Dr. Radhakrishnan and his team offer two diagnostic options for GSD: an outpatient clinic held once or twice a month and an inpatient program.
“In the outpatient setting, I work as a team with a nurse practitioner and dietitian to see patients, go through their diets, check their labs and give parents recommendations,” he explains. “If we decide a patient needs more evaluation, we admit them overnight or for a few days. During their inpatient stay, we closely monitor glucose and other metabolic parameters every hour, perform a liver ultrasound, analyze the data, test different treatment regimens and provide recommendations for dietary therapy.” Initially, Dr. Radhakrishnan advises parents to monitor a child’s glucose level several times a day at home, but as the patient stabilizes, checks can be performed as needed, especially for the milder types of GSD.
GSD is typically diagnosed through noninvasive laboratory testing and review of symptoms. “Today, we also have the capacity to perform genetic testing when we suspect a particular type of GSD based on clinical and biochemical abnormalities,” he says. “We collect white cells and look for mutations that can point to the various subtypes of GSD.”
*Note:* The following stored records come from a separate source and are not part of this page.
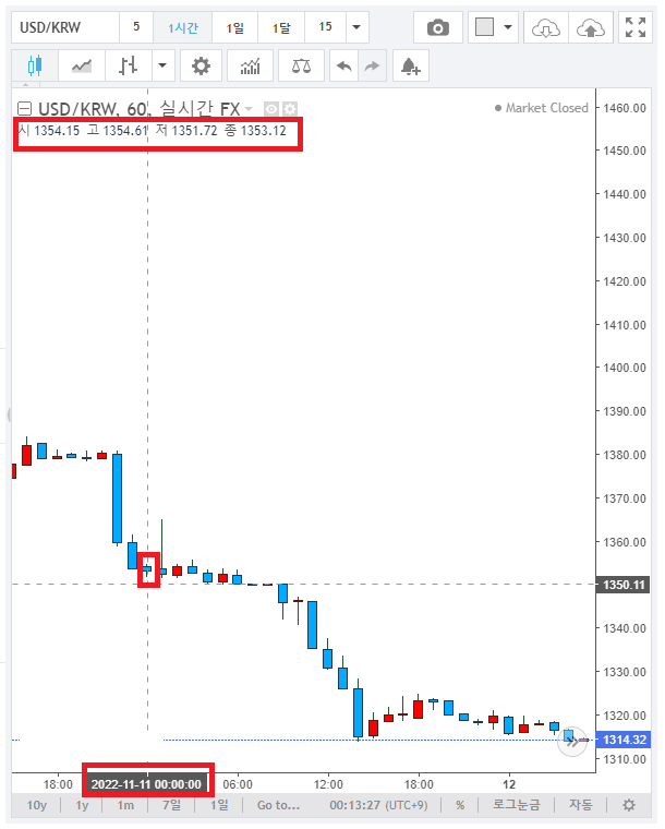 - 한국에서 적용되는 1일봉의 시작은 아침 09:00 ~ 다음날 09:00까지 24시간 거래가 이루어진다.
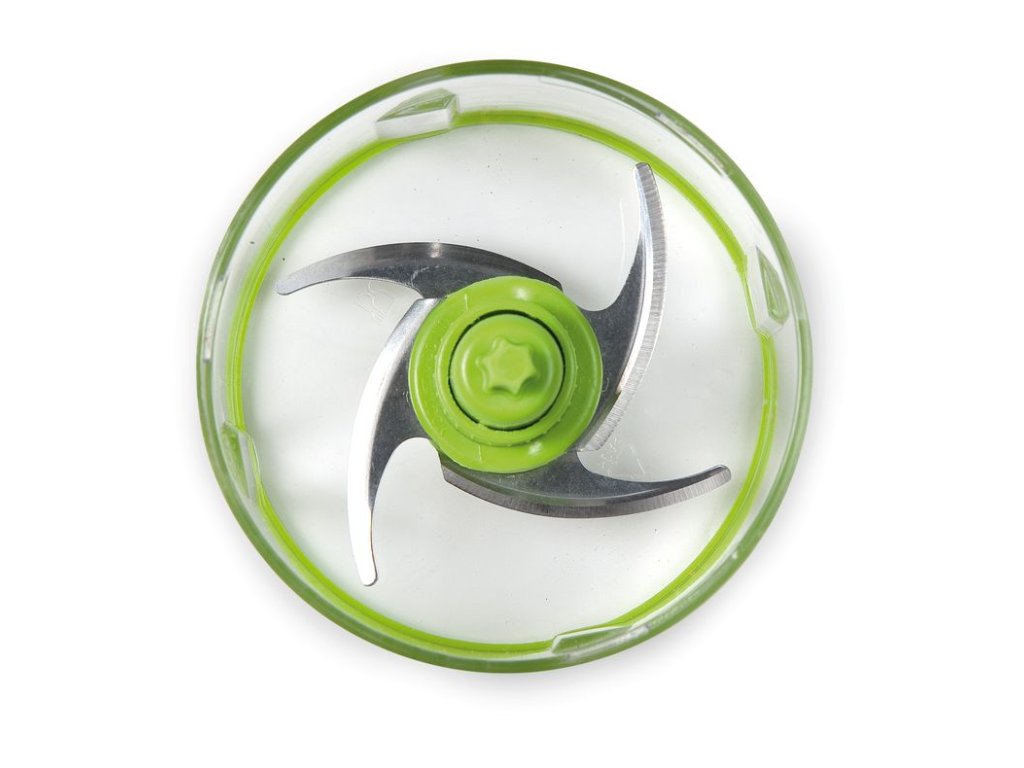 Tento mini sekáček je navíc vybaven zdvojeným nožem se čtyřmi břity "Quadblade" čímž se stává až 2x rychlejší, úspornější a účinější. Zdvojené čepele jsou nad sebou ve vertikální rovině, kvůli rovnoměrnosti rozsekání. Spodní čepele prvotně rozsekají a rozvíří suroviny, rozvířené poletující části rozsekání horní čepel a ve výsledku je vše konzistentní.
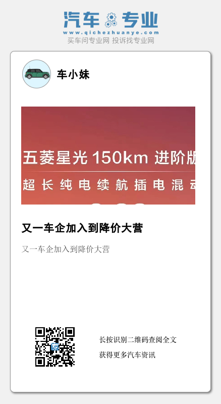 2月19日,五菱汽车官博宣布,五菱星光插混车型150km进阶版售价由10.58万元调整为9.98万元。
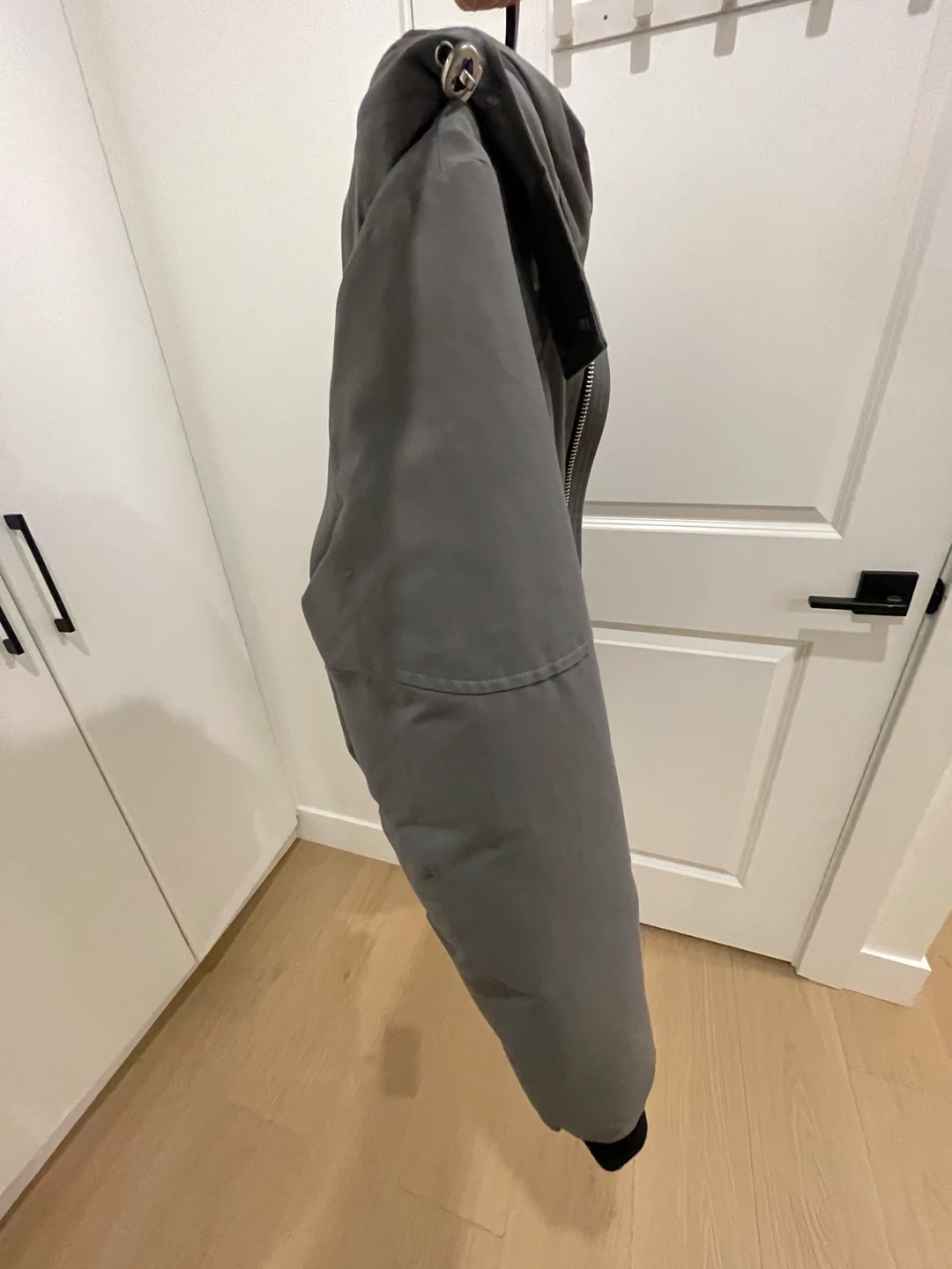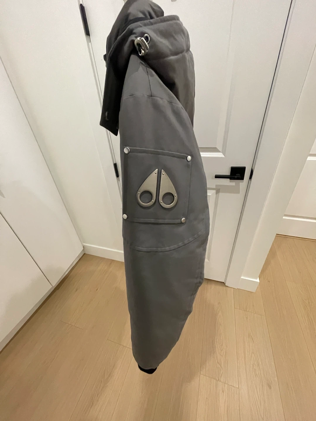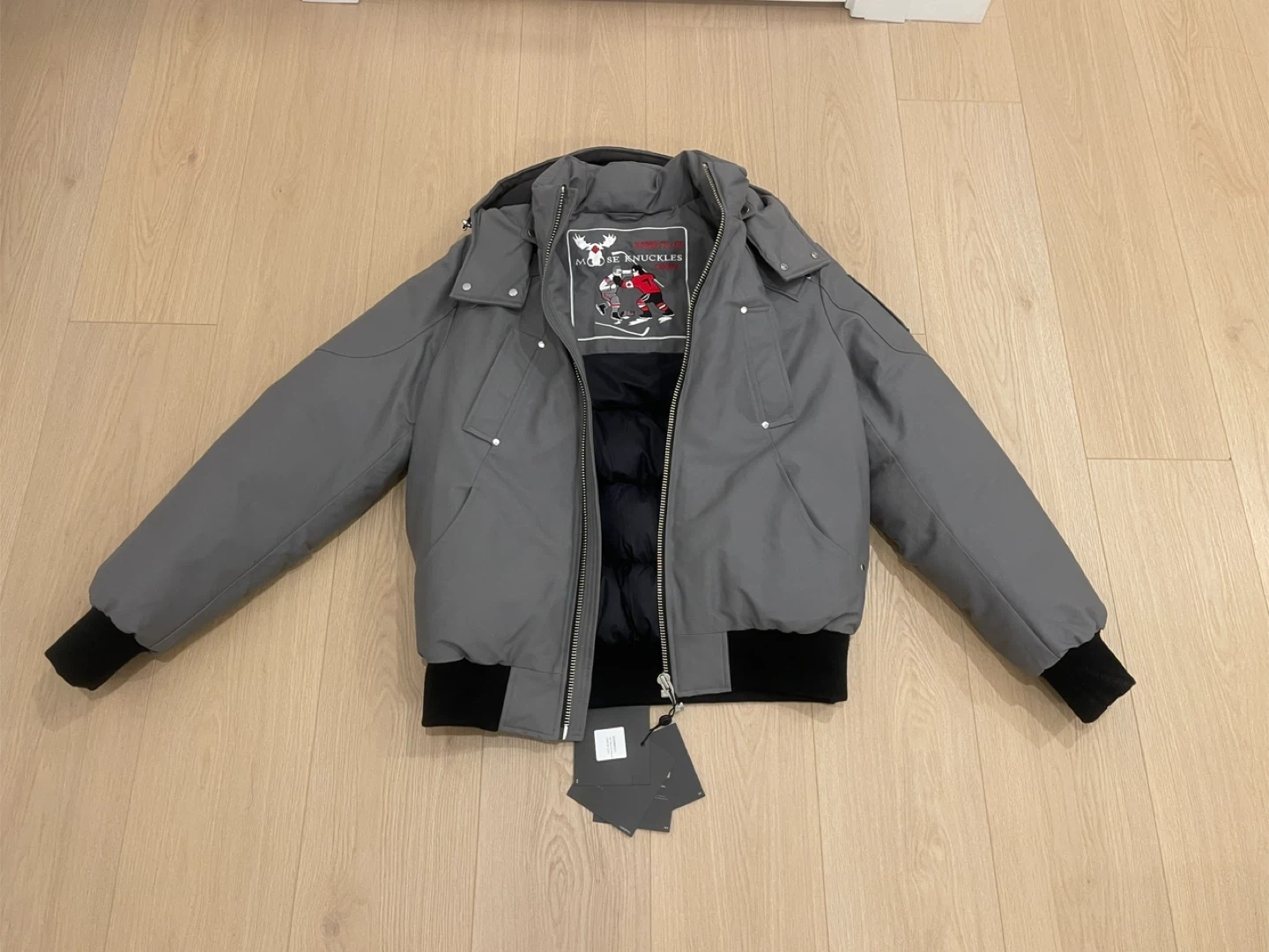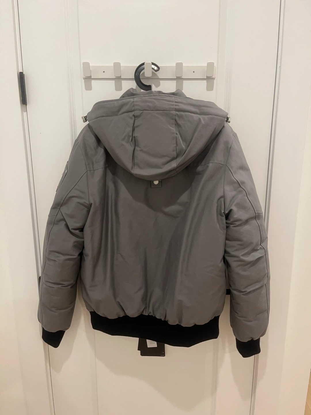 Grey Moose Knuckles bomber jacket with black rib-knit cuffs and hem. It has a hooded design and silver-tone hardware. This jacket is great for staying warm on colder days.
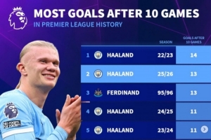 NBA直播11月3日讯 本赛季英超10轮过后,曼城前锋哈兰德已经打进了13球,据德转统计,在联赛历史各赛季前10轮进球榜中,这一进球数排在第二位。
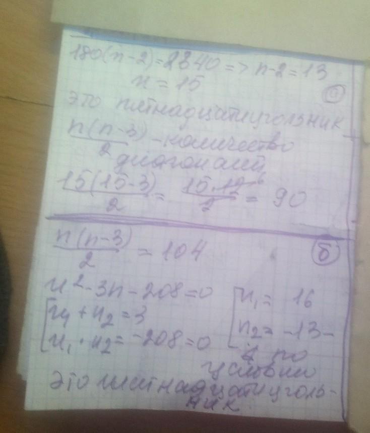 1.В опуклому многокутнику сума кутів дорівнює 2340.Знайдіть кількість його сторін і діагоналей.
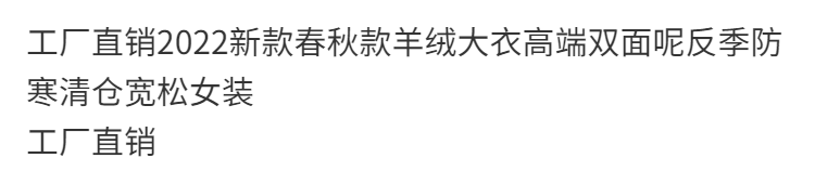 工厂直销2023新款春秋款羊绒大衣高端双面呢反季防寒清仓宽松女装
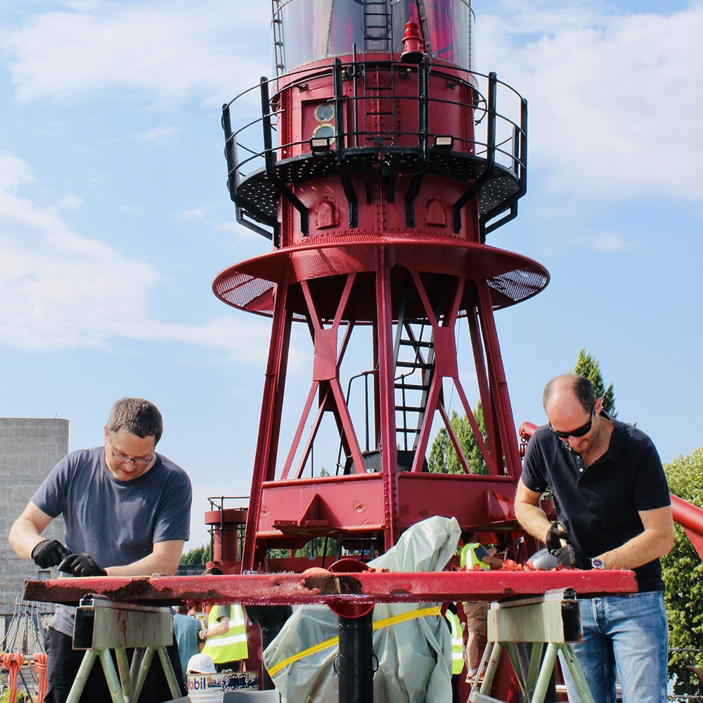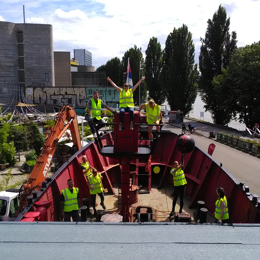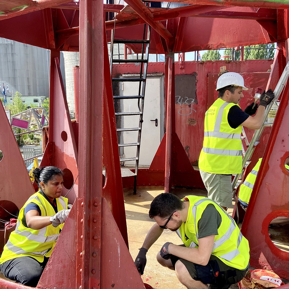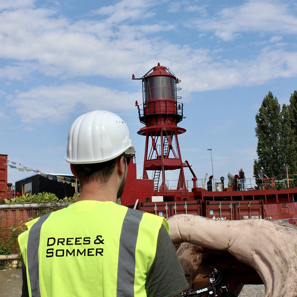 Der Kanton Basel-Stadt und die Schweizerischen Rheinhäfen stellen den Trägervereinen I_Land und Shift Mode Flächen von rund zwei Hektar zur Zwischennutzung zur Verfügung. Rund 25 angegliederten Projekten im Bereich Sport, Kunst, Kultur und Gastronomie kann so eine Plattform für kreative Entfaltung und gewerbliche Ideenentwicklung geboten werden. Die Gannet 1954 ist das Leuchtturmschiff im Holzpark Klybeck – dem vielseitig bespielbaren Kulturraum im Basler Rheinhafen. Bis mindestens Dezember 2024 integriert sich das Schiff, schall- und wärmeisoliert, in den kreativen Freiraum. Neben den vielen kleinen bunten Ateliers und Werkstätten soll das nostalgisches Feuerschiff Raum für Musik, Ausstellungen und Kultur bieten. Hierfür wurde die 1954 erbaute „Gannet“ im August 2019 von Irland in den Hafen nach Basel gebracht und dort ausgewässert. Der Betreiberverein plant die Gannet mit viel Herzblut und Eigeninitiative umzubauen und den Rumpf als Veranstaltungsort nutzbar zu machen. | Bei den Umbauarbeiten packten die Projektmanager von Drees & Sommer tatkräftig an: Mit mehr als 1000 Stunden Planungsleistungen und Arbeitseinsätzen unterstützten die MitarbeiterInnen das Team des Vereins Shift Mode vor Ort. Der herausfordernde Rückbau des 600 Tonnen schweren Feuerschiffs erforderte Einsatz, Ausdauer und Durchhaltevermögen. In mehreren Einsätzen über das Jahr verteilt wurde die Schiffshülle beinahe vollständig ausgehöhlt und bietet künftig als Kultur- und Veranstaltungsort Platz für bis zu 200 Personen. Der Symbolcharakter des Leuchtturms als identitätsstiftendes Objekt für ein ganzes Areal hinterlässt auch bei den Mitarbeitenden einen bleibenden Eindruck. Mit ihrem Einsatz beim Umbau der Gannet konnten sie Themen wie Kreislaufwirtschaft, temporäres Bauen, User Experience und andere innovative Aspekte der nachhaltigen Stadtentwicklung demonstrieren. Gleichzeitig hat das Projektteam einen maßgeblichen Beitrag zur kulturellen Nutzung des Hafenareals geleistet. |
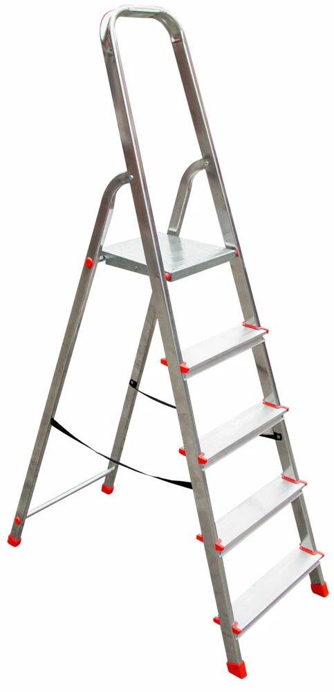 Nor-step gardintrapp 5-trinn er en stødig gardintrapp i aluminium med 5-trinn. Denne gardintrappen er lett å håndtere, har sklisikre trinn og har en god plattform å stå på. Den har en høy støttebue 61 cm over øverste trinn og er utrustet med en praktisk avlastningshylle. Plattformen i metall låser stigen i utfelt posisjon og sklisikre trinn gir god stabilitet. Gardintrappen passer bra for arbeid innendørs der det er viktig å benytte en lett og smidig trapp. Trinnflate bredde = 8 cm. Ståplade øverst (BxL): 26 x 26 cm. Avstand mellom trinn = 18 cm. Maksimal bredde = 90 cm utfoldet. Minimal bredde = 11,5 cm sammenlagt. Godstykkelse = 0,2 mm. Maksimal belastning: 150 kg.

Advances have also been made in terms of treatment, he says, with the goal of maintaining normal serum glucose levels and minimizing the metabolic derangements associated with hypoglycemia. Refinements in the dosing and timing of cornstarch administration over the past few years have helped GSD specialists not only keep patients alive, but have improved quality of life so they can live normal lives.
Type I is treated with raw (uncooked) cornstarch powder, which is mixed with water or soy milk and ingested at specified intervals throughout the day. Types 0, III, VI and IX are treated with cornstarch plus a high-protein diet. “We recommend strict avoidance of simple sugars (glucose, sucrose, lactose and fructose) to prevent overstorage of glycogen in the liver; if the diet isn’t followed, children won’t grow well and their liver function will not be optimal. The prognosis is very good if patients follow the diet, however,” he says.
Cornstarch must be administered every four to five hours, which means that babies and children must be awakened overnight. Skipping or delaying doses can lead to hypoglycemia, seizures, neurologic injury and even death. Extended-release cornstarch formulations have recently been developed that can maintain glucose concentrations while patients are sleeping.
Gene therapy is on the horizon to replace the deficient enzyme in GSD type I, via a variety of viral and non-viral vectors, and enzyme therapy is available for type II (which affects the heart, liver and muscle), Dr. Radhakrishnan reports, but trials have not yet started.